Outros, incluindo muitos estudiosos das ciências sociais e humanas, têm uma visão mais ampla do significado de genocídio e sustentam que ele pode se aplicar a uma série de casos e dinâmicas, incluindo o colonialismo e a escravidão dos colonizadores.

Muitos seguem Lemkin ao enfatizar que o genocídio pode ser praticado não apenas matando, mas por meio de um ataque multifacetado ao modo de vida político, social, cultural, econômico, religioso, moral e econômico de um grupo.

Por fim, e mais frequentemente, algumas pessoas têm uma visão mais convencional que não tem uma definição clara, mas que geralmente associa o genocídio a qualquer tentativa de destruir um grupo de pessoas.

Isso pode significar não apenas morte e destruição em massa, mas também coisas como o aborto.

Genocídio e a guerra entre Israel e Hamas

As pessoas estão usando essas três diferentes interpretações de genocídio para caracterizar a guerra entre Israel e Hamas.

Muitos parecem querer uma maneira de entender e rotular as imagens de violência horrível que enchem suas telas.
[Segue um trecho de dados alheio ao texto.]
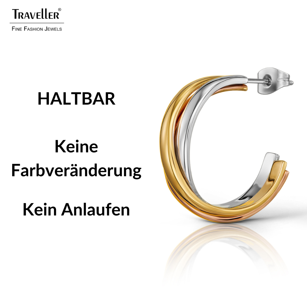 Diese besonderen Ohrringe von Traveller werden Sie zum Strahlen bringen. Die Ohrringe sind elegant und in schönen Farben gehalten. Die Ohrringe sind aus Edelstahl gefertigt und bestehen aus drei ineinander verschlungenen Ringen. Die Ringe haben drei Farben oder sind tricolor. Ein goldener Ring, der aus vergoldetem Edelstahl besteht, ein silberner Ring, der aus reinem Edelstahl besteht und ein rosafarbener Ring, der aus Roségold beschichtetem Edelstahl gefertigt ist. Die Ohrringe haben einen Durchmesser von 25 Millimetern, sind 7 Millimeter breit und wiegen 5 Gramm pro Ohrring.

O genocídio, apesar de todas as suas limitações conceituais, oferece uma maneira de entender a violência em Israel e Gaza. E assim, as pessoas invocam a palavra genocídio em seu sentido convencional, às vezes por meio de hashtags e slogans relacionados a genocídio.

Porém, muito antes da crise atual, os acadêmicos já debatiam se Israel havia cometido genocídio nos territórios palestinos.

Nesse sentido, Craig Mokhiber, um alto funcionário e advogado de direitos humanos da ONU, renunciou ao cargo em 28 de outubro de 2023, porque disse que, como no passado, a ONU e os países ocidentais não estavam impedindo o genocídio de palestinos por Israel.

Em resposta, Anne Bayefsky, diretora de um centro de direitos humanos sediado em Nova York, acusou Mokhiber de “antissemitismo da ONU” e de querer apagar “ISRAEL DO MAPA!”. Suas observações ecoam as de outros que dizem que são os israelenses que correm o risco de genocídio.

Esse debate sobre genocídio não está desaparecendo. No entanto, em meio a mortes e sofrimentos em massa e ao aumento vertiginoso das taxas de antissemitismo e islamofobia, acho fundamental não nos perdermos em uma guerra de palavras e negligenciarmos a necessidade desesperada de encontrar um caminho para a paz a curto e longo prazo.

Parte deste artigo foi adaptada do artigo “Putin’s claims that Ukraine is committing genocide are baseless but not unprecedented”, publicado no The Conversation em 25 de fevereiro de 2022.